**GIVEN INFORMATION:**
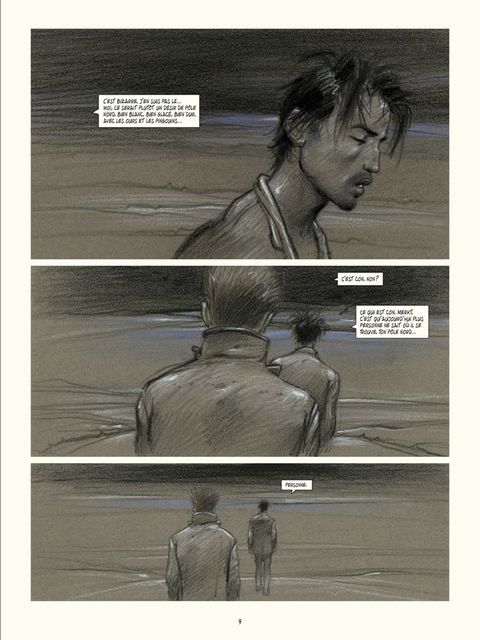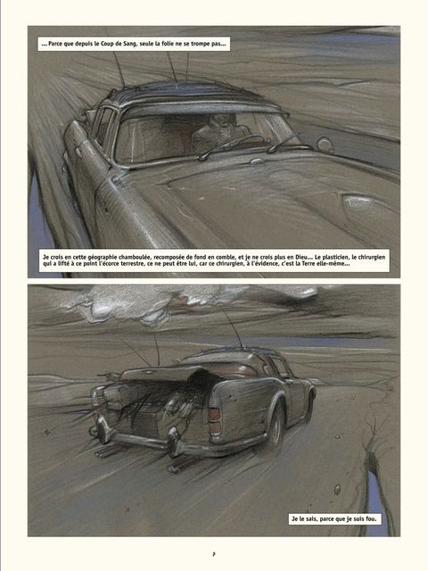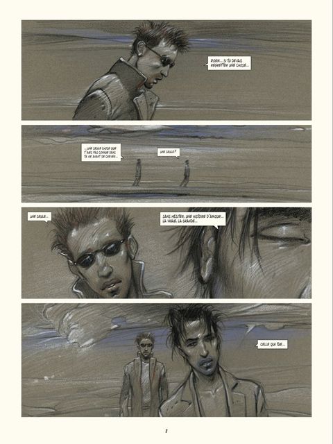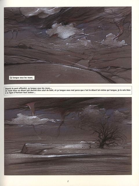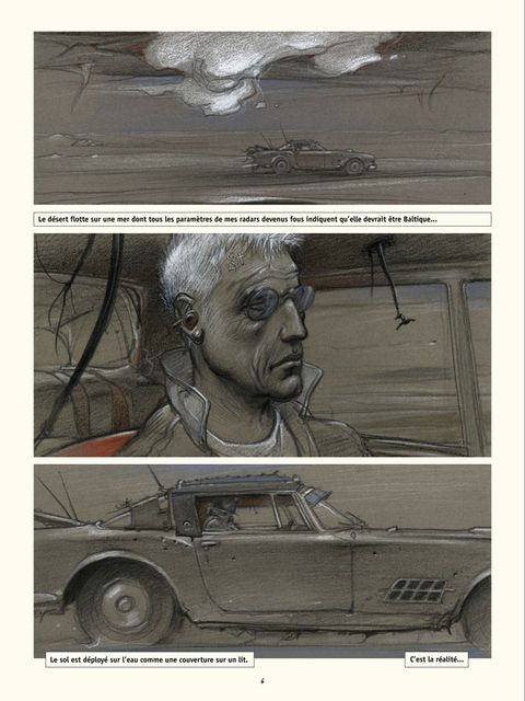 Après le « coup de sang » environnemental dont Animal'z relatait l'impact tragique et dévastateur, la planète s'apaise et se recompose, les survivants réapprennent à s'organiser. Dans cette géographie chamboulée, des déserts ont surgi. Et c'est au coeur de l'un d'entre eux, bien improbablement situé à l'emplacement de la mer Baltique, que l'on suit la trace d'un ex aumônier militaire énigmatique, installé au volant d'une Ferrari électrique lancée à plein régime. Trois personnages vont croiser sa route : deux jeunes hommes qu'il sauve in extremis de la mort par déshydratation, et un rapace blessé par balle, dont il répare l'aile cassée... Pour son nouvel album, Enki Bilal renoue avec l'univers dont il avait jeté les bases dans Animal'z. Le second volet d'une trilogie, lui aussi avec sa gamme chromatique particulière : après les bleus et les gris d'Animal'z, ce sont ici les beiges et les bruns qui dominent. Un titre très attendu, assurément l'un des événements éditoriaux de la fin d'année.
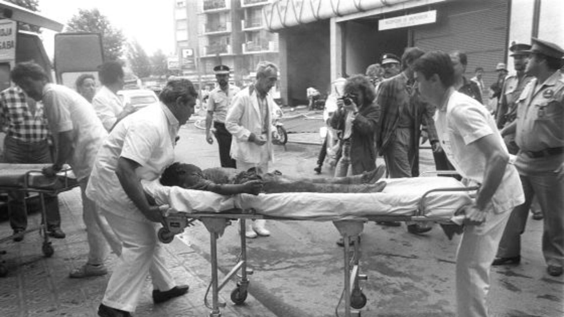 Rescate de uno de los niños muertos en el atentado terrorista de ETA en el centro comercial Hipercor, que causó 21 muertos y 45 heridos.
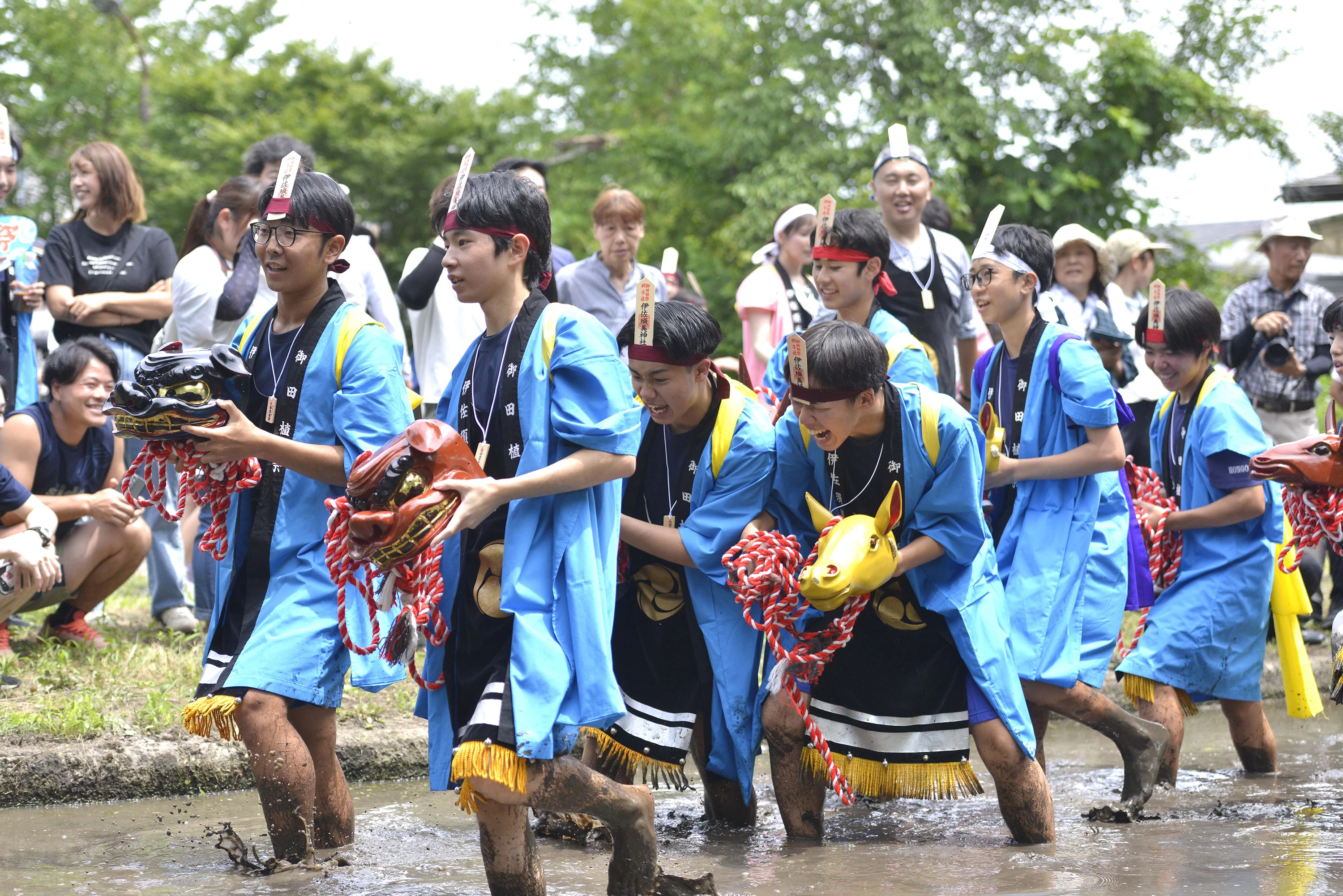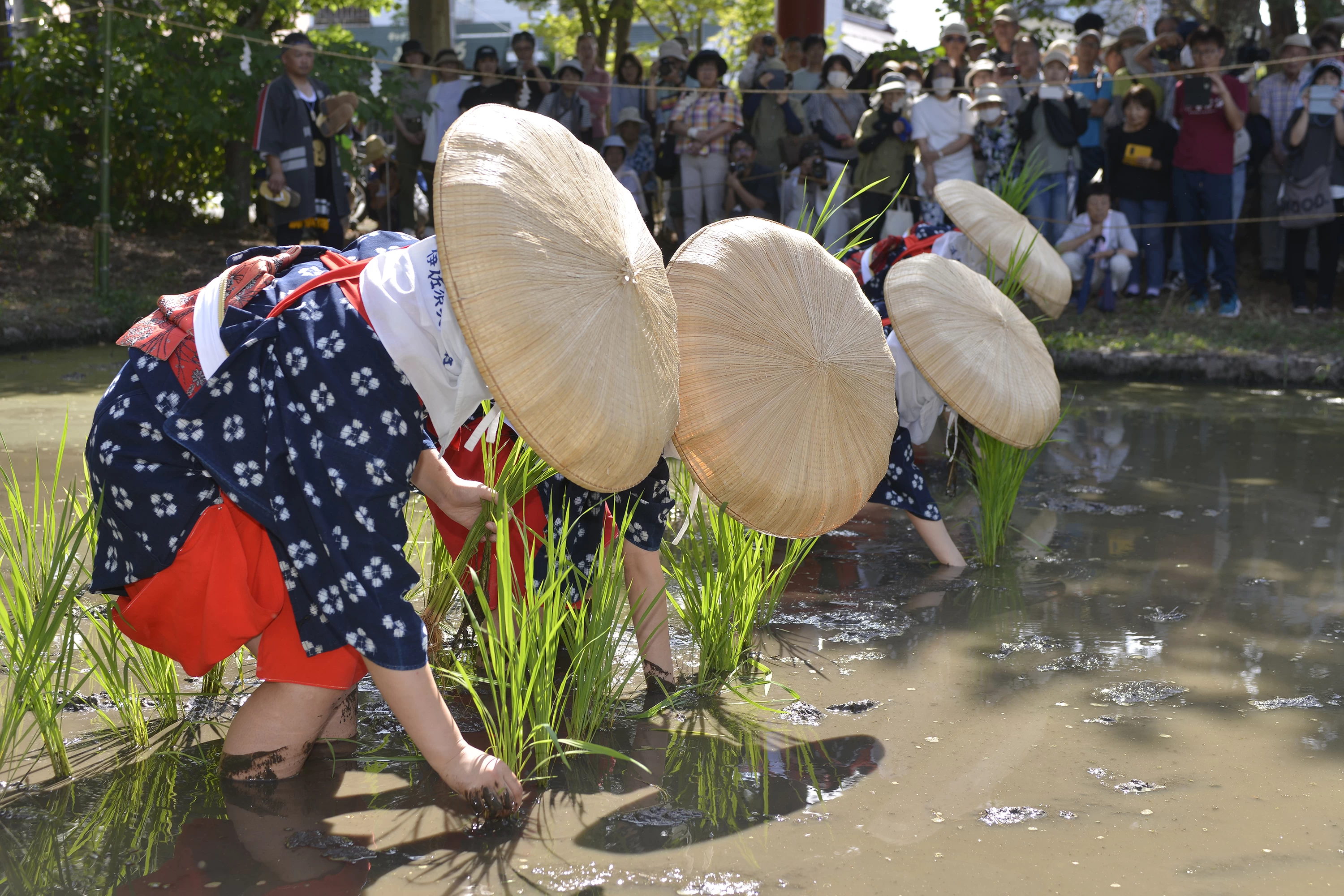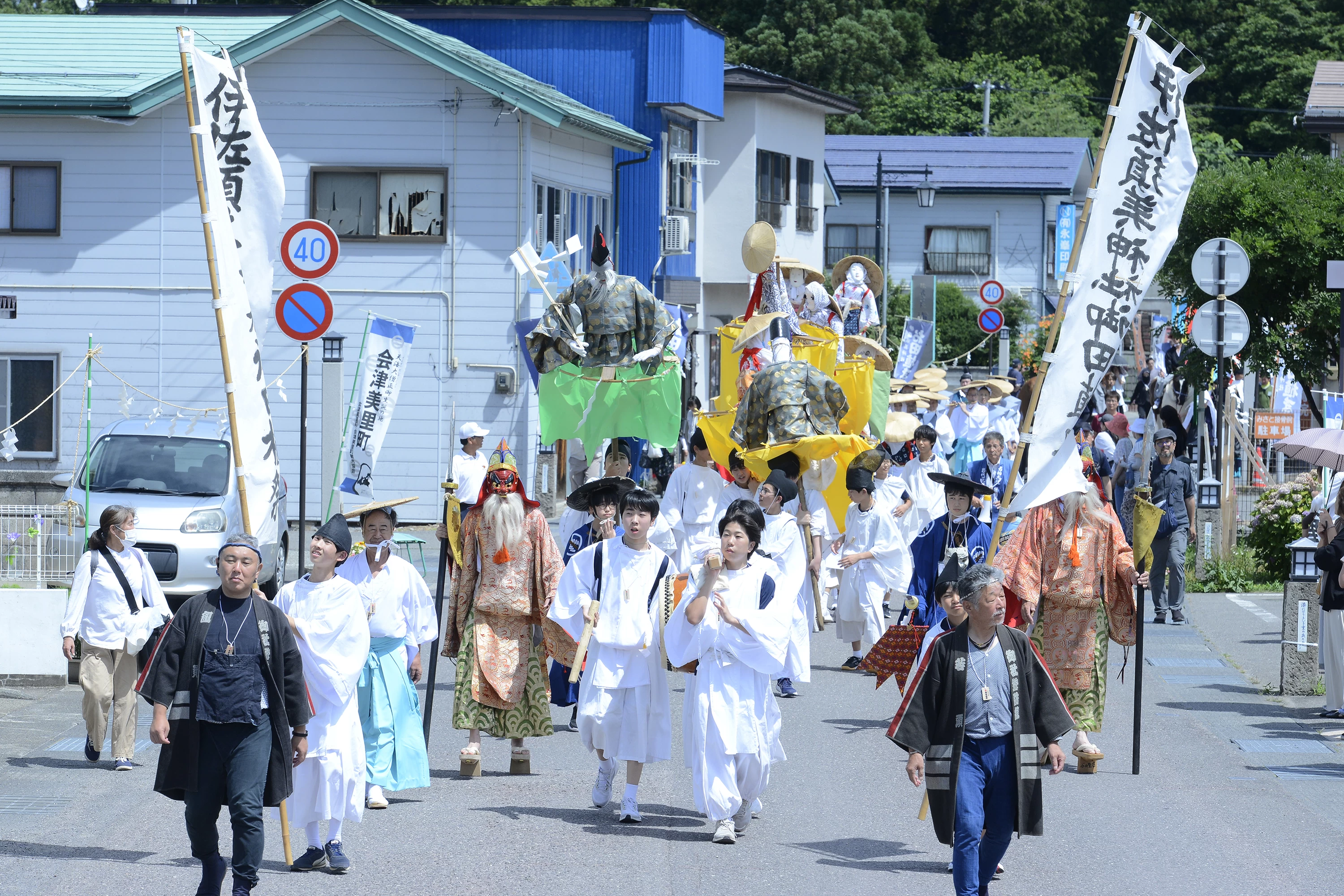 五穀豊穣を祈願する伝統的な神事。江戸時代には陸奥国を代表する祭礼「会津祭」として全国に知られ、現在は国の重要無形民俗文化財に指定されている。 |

**PROBLEM TO SOLVE:**
Excluding the images, copy all of the material above verbatim.

**EXPECTED ANSWER:**
 Après le « coup de sang » environnemental dont Animal'z relatait l'impact tragique et dévastateur, la planète s'apaise et se recompose, les survivants réapprennent à s'organiser. Dans cette géographie chamboulée, des déserts ont surgi. Et c'est au coeur de l'un d'entre eux, bien improbablement situé à l'emplacement de la mer Baltique, que l'on suit la trace d'un ex aumônier militaire énigmatique, installé au volant d'une Ferrari électrique lancée à plein régime. Trois personnages vont croiser sa route : deux jeunes hommes qu'il sauve in extremis de la mort par déshydratation, et un rapace blessé par balle, dont il répare l'aile cassée... Pour son nouvel album, Enki Bilal renoue avec l'univers dont il avait jeté les bases dans Animal'z. Le second volet d'une trilogie, lui aussi avec sa gamme chromatique particulière : après les bleus et les gris d'Animal'z, ce sont ici les beiges et les bruns qui dominent. Un titre très attendu, assurément l'un des événements éditoriaux de la fin d'année.
 Rescate de uno de los niños muertos en el atentado terrorista de ETA en el centro comercial Hipercor, que causó 21 muertos y 45 heridos.
 五穀豊穣を祈願する伝統的な神事。江戸時代には陸奥国を代表する祭礼「会津祭」として全国に知られ、現在は国の重要無形民俗文化財に指定されている。 |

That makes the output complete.